Refraction by Lenses Questions in English

(A) The lens maker's formula is given by $\frac{1}{f} = (\mu - 1) \left( \frac{1}{R_1} - \frac{1}{R_2} \right)$.
For an equi-convex lens,$R_1 = R$ and $R_2 = -R$.
Substituting these values,we get $\frac{1}{f} = (\mu - 1) \left( \frac{1}{R} - \frac{1}{-R} \right) = (\mu - 1) \left( \frac{2}{R} \right)$.
Thus,$f = \frac{R}{2(\mu - 1)}$.
According to the problem,$f > R$.
Therefore,$\frac{R}{2(\mu - 1)} > R$,which implies $\frac{1}{2(\mu - 1)} > 1$.
This simplifies to $2(\mu - 1) < 1$,or $\mu - 1 < 0.5$.
So,$\mu < 1.5$.
Since the lens must be made of a material with a refractive index greater than $1$ (for it to act as a lens in air),the refractive index $\mu$ must be greater than $1$ but less than $1.5$.

(B) Given: Focal length in air $f_a = 0.15 \,m$, refractive index of glass $\mu_g = 1.5 = \frac{3}{2}$, and the increase in focal length is $0.225 \,m$.
Therefore, the new focal length in liquid is $f_l = f_a + 0.225 = 0.15 + 0.225 = 0.375 \,m$.
Using the Lens Maker's formula:
$\frac{1}{f} = (\frac{\mu_{lens}}{\mu_{medium}} - 1)(\frac{1}{R_1} - \frac{1}{R_2})$
For air $(\mu_a = 1)$: $\frac{1}{f_a} = (\frac{\mu_g}{1} - 1)(\frac{1}{R_1} - \frac{1}{R_2}) = (1.5 - 1)K = 0.5K$, where $K = (\frac{1}{R_1} - \frac{1}{R_2})$.
For liquid $(\mu_l)$: $\frac{1}{f_l} = (\frac{\mu_g}{\mu_l} - 1)K$.
Dividing the two equations: $\frac{f_l}{f_a} = \frac{0.5}{(\frac{1.5}{\mu_l} - 1)}$.
Substituting values: $\frac{0.375}{0.15} = \frac{0.5}{(\frac{1.5}{\mu_l} - 1)} \Rightarrow 2.5 = \frac{0.5}{(\frac{1.5}{\mu_l} - 1)}$.
$(\frac{1.5}{\mu_l} - 1) = \frac{0.5}{2.5} = 0.2$.
$\frac{1.5}{\mu_l} = 1.2 \Rightarrow \mu_l = \frac{1.5}{1.2} = \frac{15}{12} = \frac{5}{4} = 1.25$.

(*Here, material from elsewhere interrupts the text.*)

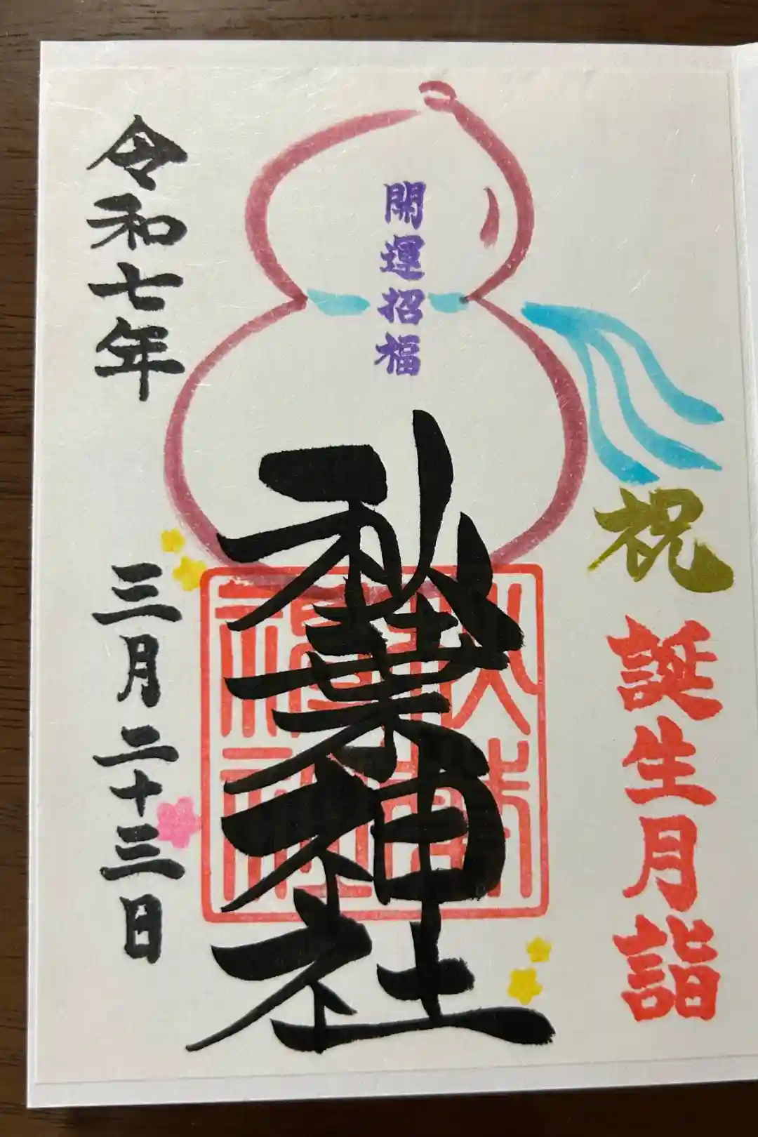 瓢箪と紐の色が選べる誕生月詣の御朱印

(B) The apparent shift in the position of the image due to the glass slab is given by $d = t(1 - \frac{1}{\mu})$.
Substituting the values,$d = 1.4(1 - \frac{5}{7}) = 1.4(\frac{2}{7}) = 0.4 \ cm$.
First,calculate the focal length $f$ of the lens using the initial conditions: $u = -20 \ cm$ and $v = 5 \ cm$.
Using the lens formula $\frac{1}{f} = \frac{1}{v} - \frac{1}{u}$,we get $\frac{1}{f} = \frac{1}{5} - \frac{1}{-20} = \frac{4+1}{20} = \frac{5}{20} = \frac{1}{4}$. Thus,$f = 4 \ cm$.
When the glass slab is inserted,the image must still form on the screen at $v = 5 \ cm$. However,the slab shifts the image position towards the lens by $d = 0.4 \ cm$. Therefore,the effective image distance becomes $v' = 5 - 0.4 = 4.6 \ cm$.
Using the lens formula again for the new object distance $u'$: $\frac{1}{f} = \frac{1}{v'} - \frac{1}{u'}$.
$\frac{1}{4} = \frac{1}{4.6} - \frac{1}{u'} \Rightarrow \frac{1}{u'} = \frac{1}{4.6} - \frac{1}{4} = \frac{4 - 4.6}{18.4} = \frac{-0.6}{18.4}$.
$u' = -\frac{18.4}{0.6} \approx -30.66 \ cm \approx 30.7 \ cm$.

(A) Using the lens maker's formula for a biconvex lens,we have:
$\frac{1}{f} = (\mu - 1) \left( \frac{1}{R_1} - \frac{1}{R_2} \right)$
Since the lens is symmetrical and biconvex,$R_1 = 5 \ cm$ and $R_2 = -5 \ cm$.
$\frac{1}{f} = (1.5 - 1) \left( \frac{1}{5} - \frac{1}{-5} \right) = 0.5 \times \left( \frac{2}{5} \right) = \frac{1}{5} \ cm^{-1}$.
Thus,the focal length $f = 5 \ cm$.
Using the lens equation $\frac{1}{v} - \frac{1}{u} = \frac{1}{f}$,where $u = -20 \ cm$:
$\frac{1}{v} - \frac{1}{-20} = \frac{1}{5}$
$\frac{1}{v} = \frac{1}{5} - \frac{1}{20} = \frac{4 - 1}{20} = \frac{3}{20}$
$v = \frac{20}{3} \ cm$.
The image is formed at a distance of $\frac{20}{3} \ cm$ from the optical center of the lens.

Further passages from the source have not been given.